韓国大統領室の崔相穆(チェ・サンモク)経済首席秘書官は9日、米政府がサムスン電子とSKハイニックスの中国工場を「検証済みエンドユーザー」(VEU)に指定したことにより、別途の手続きなしで米国製の半導体製造装置の供給が可能になったと明らかにした。
VEUは民間用途の使用が確実な貿易を促進するため、事前に承認された企業に対し、指定された品目の輸出を一括して認める方式であり、期限も設けられていない。米政府は昨年10月に中国に対する半導体装置輸出を事実上禁止する一方で、中国内に自社工場を展開する両社に対しては輸出規制を1年間猶予していたが、今回の決定により、規制が事実上無期限猶予されることになる。
これまで、米国の半導体装置輸出規制猶予が延長されなければ、18nm以下のDRAMや128層以上の3DNANDフラッシュメモリといった先端半導体の製造ができないため、中国工場の運営は事実上不可能になり、両社にとって大打撃となると懸念されていた。

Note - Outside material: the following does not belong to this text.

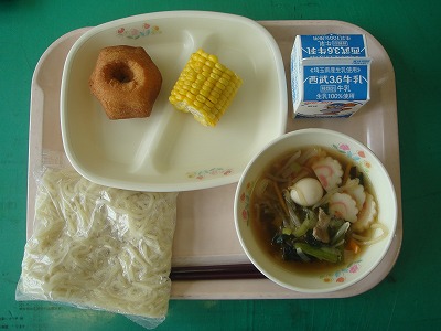 6月30日(木)の給食☆本日の献立☆ しょうゆラーメン、たまごドーナツ、ゆでとうもろこし 具がたっぷりのラーメンでした。とうもろこしは、1年生が皮むきをしたものです。おいしくいただきました。 |

チェ首席秘書官は今回の米政府の決定が「韓国半導体メーカーの最大の懸案が一段落したことを意味する」とし、「韓国半導体メーカーの中国内工場運営と投資に関する不確実性が大きく緩和され、長期的に安心してグローバル経営戦略を模索できるようになった」と説明した。
なお、これとは別に、米政府は最近、補助金を受ける半導体メーカーの中国内工場の生産能力を10年間で5%以上拡張できないようにする「半導体法ガードレール」(安全装置)規定を最終確定しており、中国工場の生産能力拡大は制限されることになる。両社にとって米中対立の影響が完全に解消されたわけではなく、より綿密な戦略が必要となる。